2.2x slower doesn't sound "nearly as fast" as the 16. The low GPU utilization is because ML tasks are automatically dispatched to the neural engine instead. 

Hi, I'm one of the ones that helped with this benchmark. That's almost certainly not the case; if it was, you would expect the CPU to also be largely idle as it is with GPU-constrained training but it was pegged between 150%-250% on the M1 for the duration of training. Leads me to strongly believe there is more optimization yet to be done to adapt the CPU part of the pipeline for the new architecture and that this will get much better over time.

mjtomlin 20 Years · 2690 comments

tipoo said:
>149 minutes 
>70 minutes

2.2x slower doesn't sound "nearly as fast" as the 16. The low GPU utilization is because ML tasks are automatically dispatched to the neural engine instead. 

I believe, the ANE is optimized for running ML models, not training them. The ML accelerators would be more suited for that. And I'm pretty sure those accelerators are in the CPU as an extension of the ARMv8 ISA.
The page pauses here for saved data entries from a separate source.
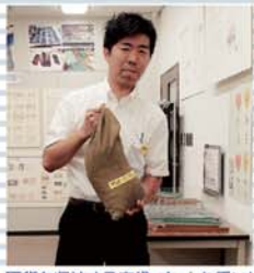
硬貨を収納する麻袋。ずっしり重い!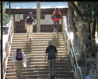
0034 朝の陽ざしが心地いい！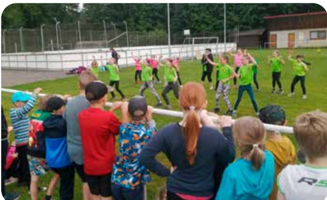
Sportovní den se ZŠ Mistrovice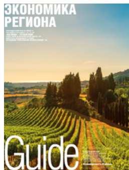
Приложения – журналы формата C4+ (250x330),

Для эффективного взаимодействия с деловой читательской аудиторией «Коммерсантъ-Кубань» использует собственную эксклюзивную систему распространения – вы можете получать «Коммерсантъ» не только по подписке, но и в сети супермаркетов «Табрис», зданиях органов власти, в аэропорту, офисных и деловых центрах, отелях, ресторанах. Актуальная информация всегда доступна на сайте «Ъ» .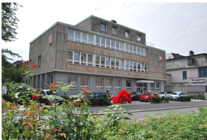
Unser Haus in der Peterstr.6 In Oldenbrug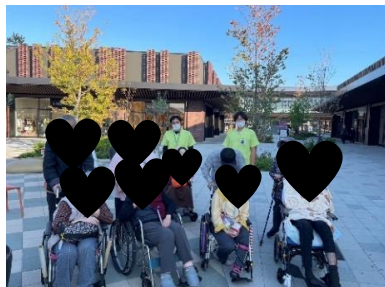
天気の良い日には外出レクに行きます★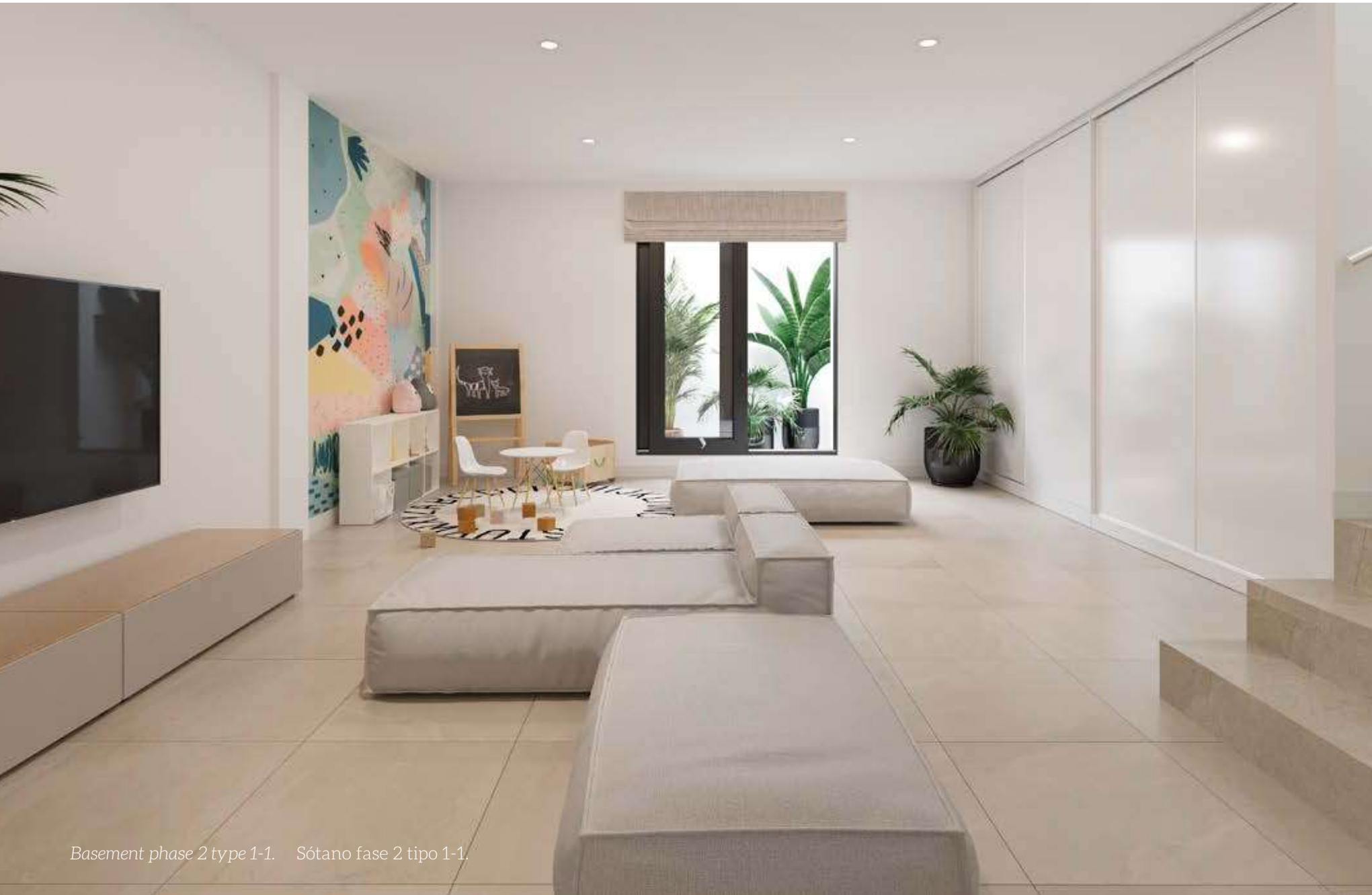
Basement phase 2 type 1-1. Sótano fase 2 tipo 1-1.

tjwolf 12 Years · 423 comments

What was the memory utilization during this?  I know nothing of ML, but I'd think reading/analyzing images is an inherently memory-intensive task.   If so, not sure what comparing an 8gb M1 Mac with a 16gb Mac w. separate GPUs reveals.

alphafox 11 Years · 132 comments

So the M1 used its neural accelerator but the i5 was running in software on the CPU only? How are these results compatible at all?